Modelos criados por cientistas indicaram que determinados elementos da paisagem, como estradas em florestas e áreas de transição entre florestas e plantações, podem favorecer a dispersão ou o aumento de populações de animais que podem ser hospedeiros ou vetores de doenças, como os mosquitos que transmitem a febre amarela. Isso pode aumentar o risco de infecção nos humanos. Também foi identificada uma relação direta entre desmatamento e doenças como malária e leishmaniose.
Surtos de doenças zoonóticas, como dengue e hantavirose, dependem necessariamente da aproximação entre pessoas e animais, ou suas fezes e urina, capazes de armazenar ou transportar patógenos, como vírus. A multiplicação e deslocamento desses animais estão relacionados à presença de determinadas condições ambientais.
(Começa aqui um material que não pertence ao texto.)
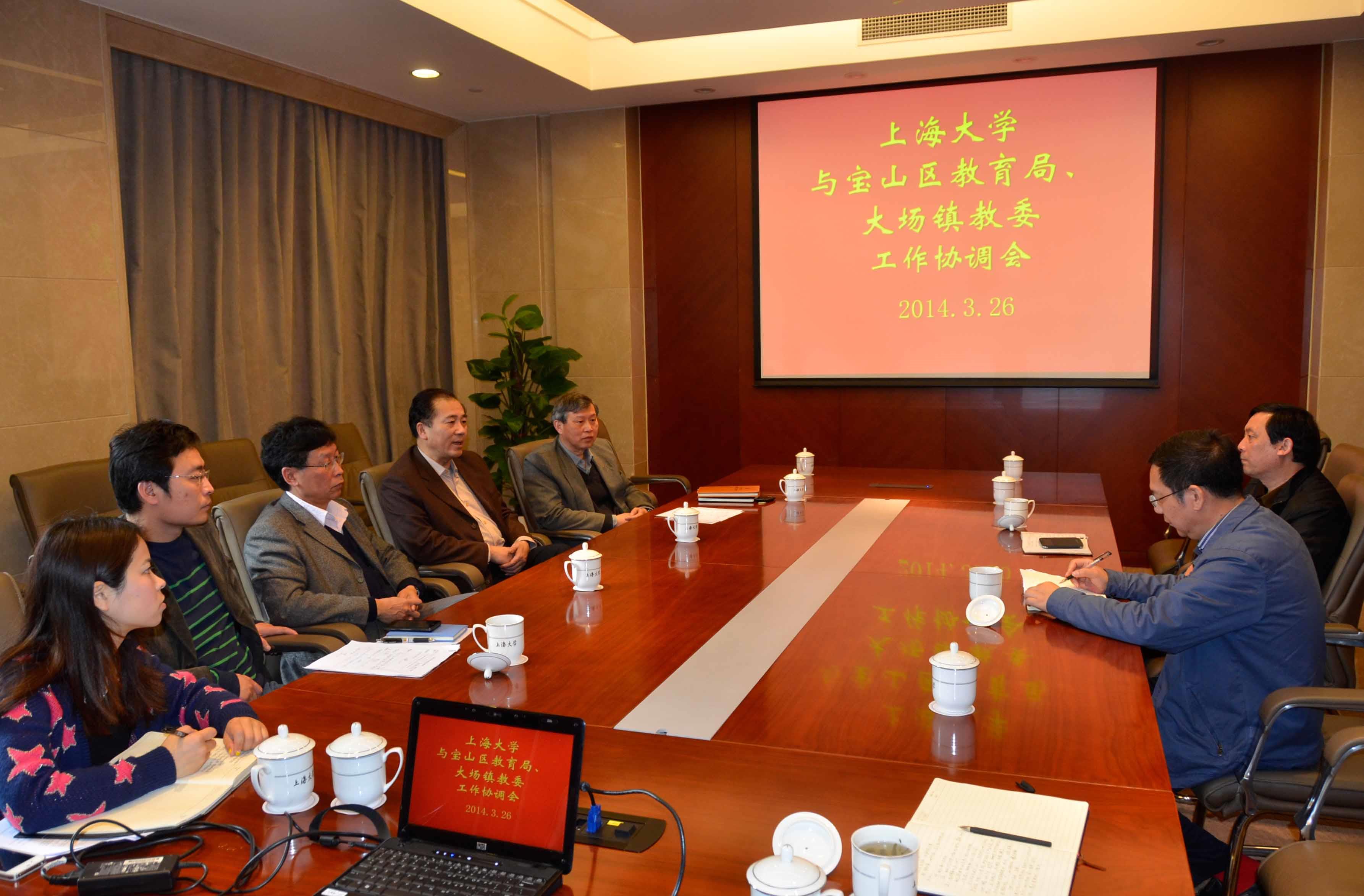 3月26日上午9点,Beat365唯一官方网站与宝山区教育局、大场镇教委在校本部乐乎新楼海纳厅举行工作会谈。校党委副书记、纪委书记、校工会主席忻平,宝山区教育局副局长陆荣林,大场镇教委主任左忠明,校办副主任吴英俊,校本部基建总指挥、原校工会主席薛志良出席了会议。
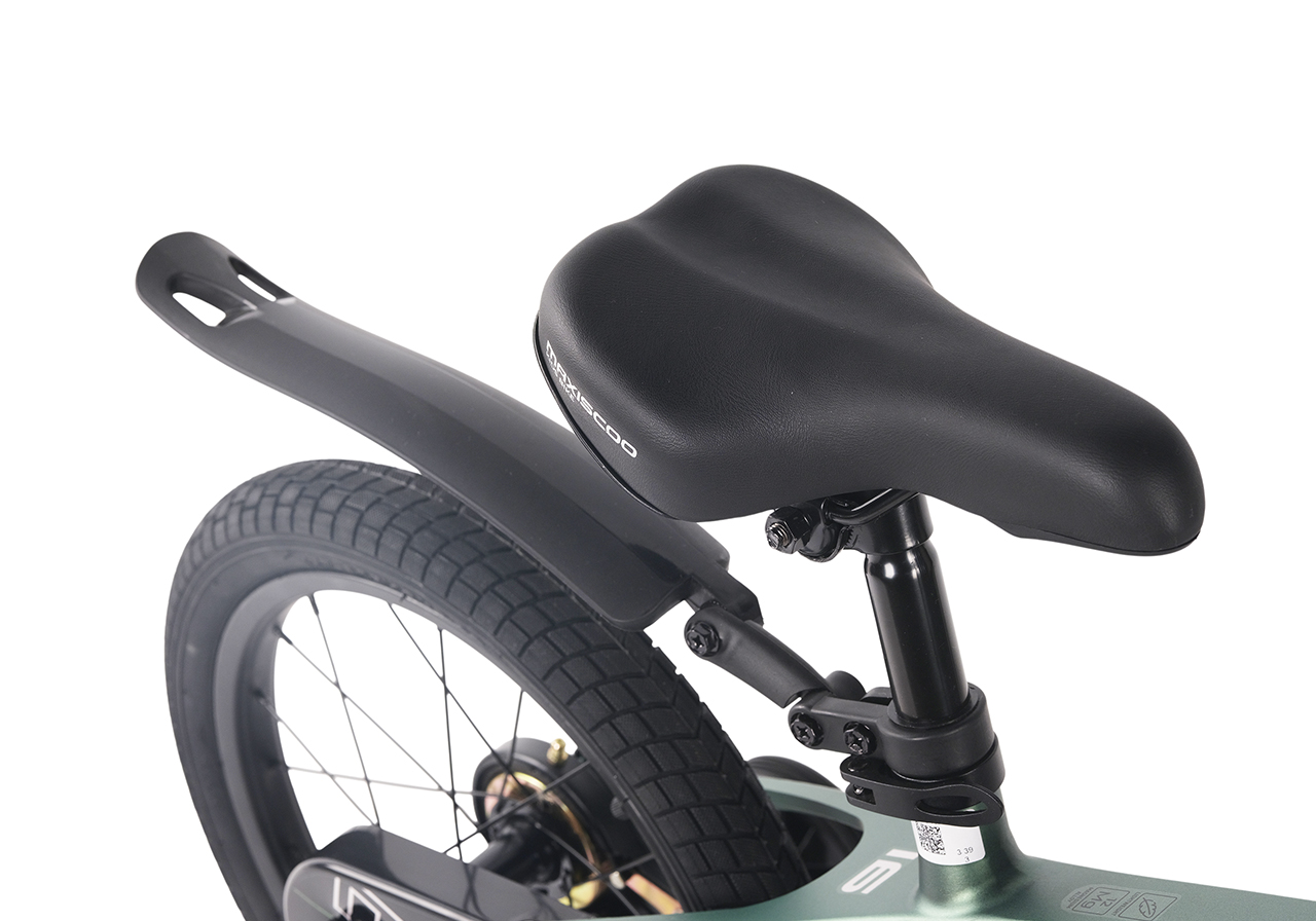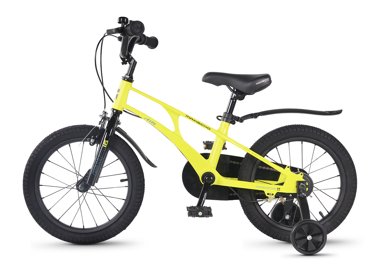 Велосипед, предназначенный для детей в возрасте от трех до шести лет, без переключения передач. Технические особенности: легкая рама из магниевого сплава (скрытая проводка, прямой рулевой стакан, крепление калипера IS), жесткая стальная вилка, одинарные алюминиевые обода (под ниппель AV), передний тормоз - ободной клещевой U-brake, задний тормоз - ножной, полная защита цепи, съемные боковые колеса, звонок. Максимальная нагрузка - до 40 кг. Подходит для обучения и прогулочного катания в городских условиях. Диаметр колес - 16 дюймов. Вес - 9,1 кг.
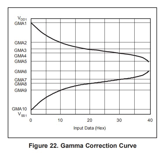 图22显示了具有10个伽马校正参考点(GMA1到GMA10)的典型伽马校正曲线。从这条曲线可以看出,每个缓冲器的电压要求差别很大。各种缓冲器的输入级的摆动能力与应用程序仔细匹配。缓冲器1到5有包括VDD的输入级,但只在1V到GND范围内摆动。缓冲区1到5只有一个NMOS输入级。缓冲区6到10只有一个PMOS输入级。PMOS输入级的输入范围包括GND。
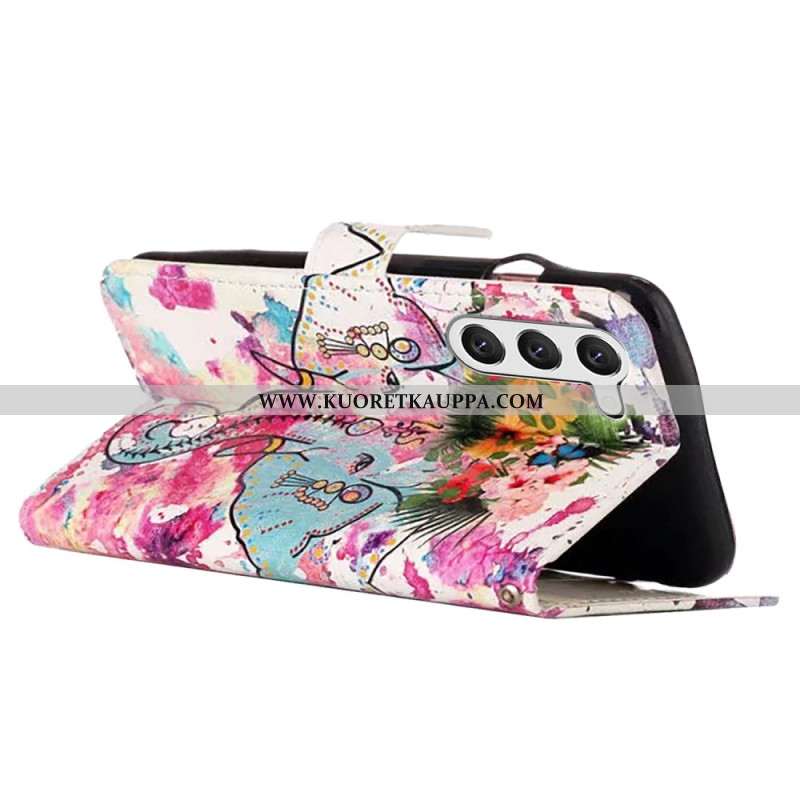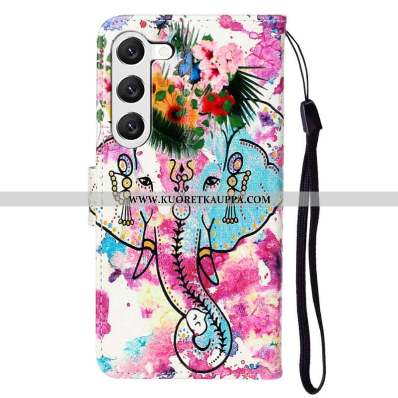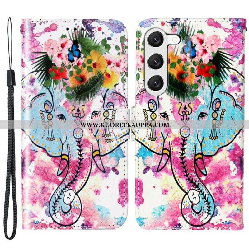 Nahkakotelo Samsung Galaxy S24 5g Kukkanorsu Hihnalla

A transformação da paisagem e o aumento da ocorrência de zoonoses
A intensa utilização do ambiente terrestre pelos humanos resultou numa ampla transformação da paisagem. Florestas contínuas foram intercaladas por áreas agrícolas, pastagens, estradas, cidades e muitas vezes se transformaram em diminutos fragmentos de florestas. Essas alterações da paisagem modificam o regime de luz, calor, umidade, vento que possibilitam que outras espécies ocupem estas áreas alteradas.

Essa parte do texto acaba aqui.